Transcribe exactly the lines from the one holding "海鮮煎餅 120元 外酥內嫩的海鮮煎餅,是到韓式料理店必點的菜色,搭配韓式醬料忍不住讓人一口接一口,料多實在,有超多蝦仁在裡面。" to the end of the data below, including both of those lines and no others.

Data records
......

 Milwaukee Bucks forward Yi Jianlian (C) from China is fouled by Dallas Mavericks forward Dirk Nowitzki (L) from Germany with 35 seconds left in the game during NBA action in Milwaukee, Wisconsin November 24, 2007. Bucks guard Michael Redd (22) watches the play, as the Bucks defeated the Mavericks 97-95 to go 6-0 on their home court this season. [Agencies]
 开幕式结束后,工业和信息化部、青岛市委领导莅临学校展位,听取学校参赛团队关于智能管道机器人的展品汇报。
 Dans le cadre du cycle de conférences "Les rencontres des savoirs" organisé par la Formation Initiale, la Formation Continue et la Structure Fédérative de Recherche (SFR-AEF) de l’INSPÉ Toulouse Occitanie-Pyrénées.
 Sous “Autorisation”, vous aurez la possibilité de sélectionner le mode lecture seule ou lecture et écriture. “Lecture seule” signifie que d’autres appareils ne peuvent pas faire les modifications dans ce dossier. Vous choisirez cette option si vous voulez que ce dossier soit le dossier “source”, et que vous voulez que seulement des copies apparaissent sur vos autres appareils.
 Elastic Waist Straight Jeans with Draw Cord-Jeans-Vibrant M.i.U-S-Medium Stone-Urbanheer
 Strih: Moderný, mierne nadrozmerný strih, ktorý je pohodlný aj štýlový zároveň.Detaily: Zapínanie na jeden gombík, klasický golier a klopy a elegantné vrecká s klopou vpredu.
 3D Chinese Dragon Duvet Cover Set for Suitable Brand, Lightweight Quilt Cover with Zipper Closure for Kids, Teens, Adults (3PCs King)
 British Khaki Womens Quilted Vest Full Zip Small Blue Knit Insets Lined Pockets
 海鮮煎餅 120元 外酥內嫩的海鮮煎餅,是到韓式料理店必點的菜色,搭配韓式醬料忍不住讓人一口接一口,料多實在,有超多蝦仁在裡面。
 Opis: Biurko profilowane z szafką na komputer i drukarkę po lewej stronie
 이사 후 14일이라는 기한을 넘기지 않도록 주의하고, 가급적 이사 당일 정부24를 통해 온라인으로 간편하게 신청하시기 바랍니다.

......

EXERCISE OUTPUT
 海鮮煎餅 120元 外酥內嫩的海鮮煎餅,是到韓式料理店必點的菜色,搭配韓式醬料忍不住讓人一口接一口,料多實在,有超多蝦仁在裡面。
 Opis: Biurko profilowane z szafką na komputer i drukarkę po lewej stronie
 이사 후 14일이라는 기한을 넘기지 않도록 주의하고, 가급적 이사 당일 정부24를 통해 온라인으로 간편하게 신청하시기 바랍니다.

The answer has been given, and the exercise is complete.